For centuries the Maasai have practiced a traditional rite of passage to manhood: hunting and killing lions. Today, there are too many people and too few lions. Realising that the traditional Maasai way of reaching manhood will not have a future, the cultural “fathers” asked Big Life Foundation (BLF) to eliminate lion hunting from the Maasai culture.
In response, BLF partnered with the Maasai to conceive and raise funds for this first-ever Maasai Olympics, part of the larger initiative to help to shift the attitudes of the Maasai toward a commitment to wildlife and habitat conservation as a preferred way of life in the 21st century.
This larger initiative consisting of two parts, conservation education and sports.
In order to reach a large audience, a film was produced exclusively for this project and used to teach the young generation that lion killing is no longer culturally acceptable and must stop now, as must the killing of elephants and all wildlife species. Failure to follow the “path of conservation” and reap its economic benefits will result in an unsustainable future of the Maasai people.
Competition in sports starts at local level. The warriors receive basic sports training in six events and compete for selection to one of four teams across the Amboseli-Tsavo ecosystem.
At regional level, each team will compete in organized competitions against the other three villages.
At ecosystem-wide level, the highly important and most wanted Olympic Day is waiting. This highlight takes place before national and international media, celebrities, government officials, friends, family, and tourists. The four villages will compete for event medals, prizes, and for the overall winners a trophy and prized bull. Thousands of people attend.
Girls being the motivators behind warriors wanting to hunt lion, are also potential conservation advocates and are included in the education program and in two competitions at Olympics Day.
In 2003, in response to an imminent threat of local lion extinction, Maasailand Preservation Trust (MPT) which in 2010 became the Big Life Foundation (BLF), in close collaboration with the local community, conceived a first-of-its-kind predator compensation programme.
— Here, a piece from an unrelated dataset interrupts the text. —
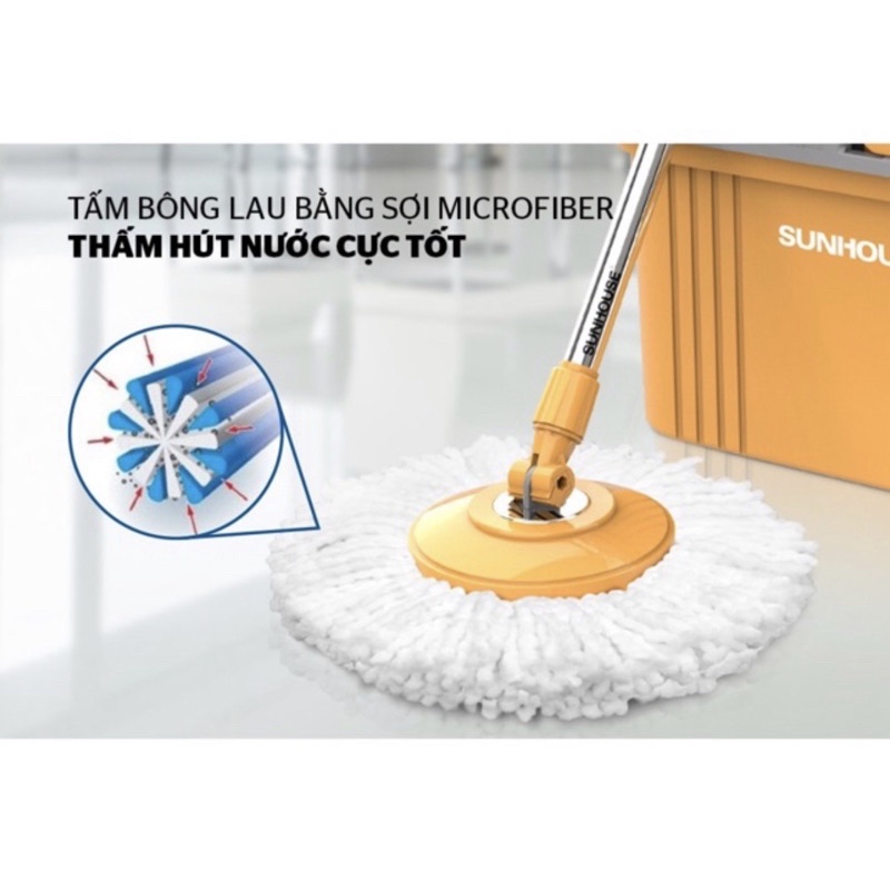 Đầu bông lau xoay tròn 360 độ linh hoạt giúp lau sạch mọi ngóc ngách.

The intention was to better balance the costs and benefits of living with wildlife and thereby replace conflict and retaliation with tolerance and cohabitation.
This novel conservation strategy remains one of the most far-reaching and effective projects, the first of its kind, implemented in the Amboseli-Kilimanjaro Maasailand ecosystem.
One of many key aspects of PCF is that it acts as an umbrella of protection – not only preventing lion extinction but also providing coverage for other persecuted species, such as hyena, cheetah, leopard, wild dog and jackal.
The raising of livestock in Maasailand is a vital activity for the community’s subsistence. Consequently, predators are under constant threat from livestock owners who view them as a danger to their livestock and kill them in retribution for livestock losses. Retaliatory killing is the major threat to Africa’s lion population. Recent estimates show that 20 years ago 200,000 lions lived in Africa, today there are less than 25,000, with no more than 2,000 residing in Kenya.
The success achieved by PCF in its past years is arguably unequalled in African conservation:
Since inception, lion killing has virtually stopped on Mbirikani Group Ranch, a Maasai community of 10,000 individuals. Only 6 lions were killed by livestock owners during the first nine years of the project. During that same period, more than 200 lions were killed on the neighbouring group ranches where the PCF programme did not (yet) exist. The same community that now protects lions killed 22 in just 18 months prior to introduction of PCF.
A key factor to PCF’s success is the requirement that the entire community must support the objectives of the programme or compensation will cease for everyone.